We will gather each Lord’s Day at 10:30 am via Facebook Live.  This stream will be simulcast both to our River City ARP Facebook page as well as to the Pottsville ARP Facebook page (Lord willing).   If there are technical issues, the video will be posted on YouTube for later viewing.

The service will be simple.   We will have a call to worship and response, I will lead us through our confession of sin, assurance of pardon, and confession of faith.  Then we will share a time of teaching.  Our service will conclude with a pastoral prayer, the Lord’s Prayer and then the Benediction.

I will email a full order of service each week which includes the lyrics to some of the songs included on the YouTube playlist.   You may listen to these or sing them together in your home gathering.  We will not sing them together via the live stream.

Of course, some elements of gathering are hard to reproduce as we practice social distancing: fellowship, service, and giving.
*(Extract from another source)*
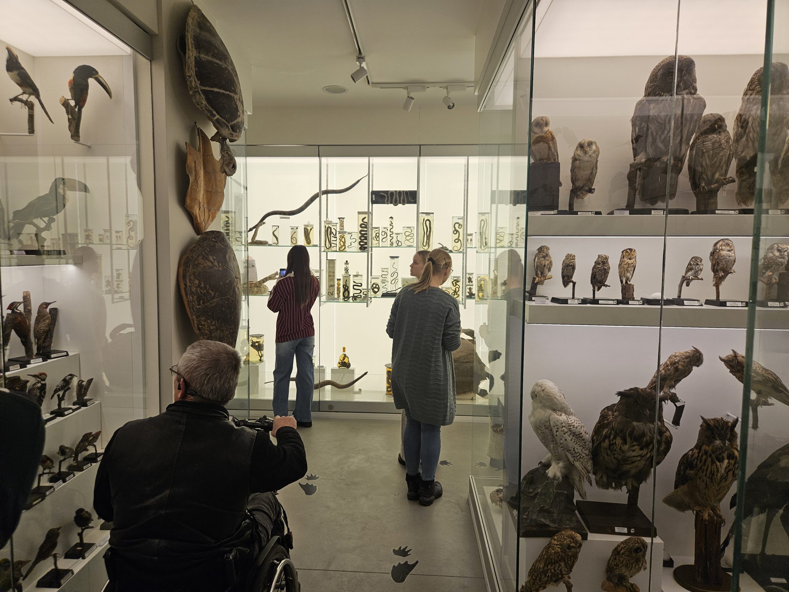 Zoologijos muziejaus darbuotoja Viktorija Kuznecova supažindino studentus su muziejaus istorija ir vykdomomis mokslinėmis, mokomosiomis, pažintinėmis veiklomis bei aprodė ir išsamiai papasakojo apie muziejuje laikomas, eksponuojamas gyvosios gamtos ir biologinės įvairovės kolekcijas, tarp kurių buvo pristatomos stuburinių (žuvų, paukščių, žinduolių, varliagyvių, roplių) ir bestuburių (kirmėlių, nariuotakojų, voragyvių, vabzdžių) ir kt. retų, saugomų bei invazinių gyvūnų rūšių kolekcijos. Muziejuje buvo apstu ne tik meistriškai sukurtų iškamšų ir eksponatų, bet ir atskirų rūšių kūno dalių, kurios leido iš arčiau susipažinti su įvairių gyvūnų anatominiais panašumais, skirtumais, jų vystymosi ir brandos stadijomis, galimomis anomalijomis, taip pat lotyniška terminologija ir pan. Specialistė Viktorija ne tik nuodugniai pateikė kiekvienos grupės fenotipines ar genotipines sąsajas, tačiau ir pabrėžė gyvūnų socialinio gyvenimo svarbą bei emocinio intelekto pranašumus tarp skirtingų rūšių.

Experience fellowship through the means of virtual communication.   Take time to revive the old custom of writing letters and cards to one another.  And, of course, use all the modern means God has given us.  

Serve one another.  Find out what others need.   You may be surprised by the needs of others.  Need for conversation, need for encouragement and of course practical needs.

Continue or begin your faithful giving by giving online or for other options go to the Giving link on our website. But if you prefer, you can either:

  1. Mail your tithes and offerings to:  River City ARP Church c/o Matt Wylie, PO Box 156, Pottsville, AR 72858 or
  2. Set up “Bill Pay” from your online banking to send a check to the address above.

One of the remarkable things about the church is that it is a community that creates culture, it is not a community created by culture.  It thrives and flourishes in every place, in every people and in every language.   It transcends its circumstances and creates community and culture no matter what soil it is planted in.   God has placed us here as the church in a very unique time in our history.   Graciously He has also given us remarkable means to express our community as the Church in a way that enables us to meet together even when we are not together.  

This pandemic will end.  When it does, some things will go back to the way they were before, but in God’s providence, there will be many things we learn from this trial about living life together and about engaging our world with the gospel that will change us as the Church.   Now is not the time for fear, but a time for worship.   I look forward to seeing you here, online, this Lord’s Day at 10:30.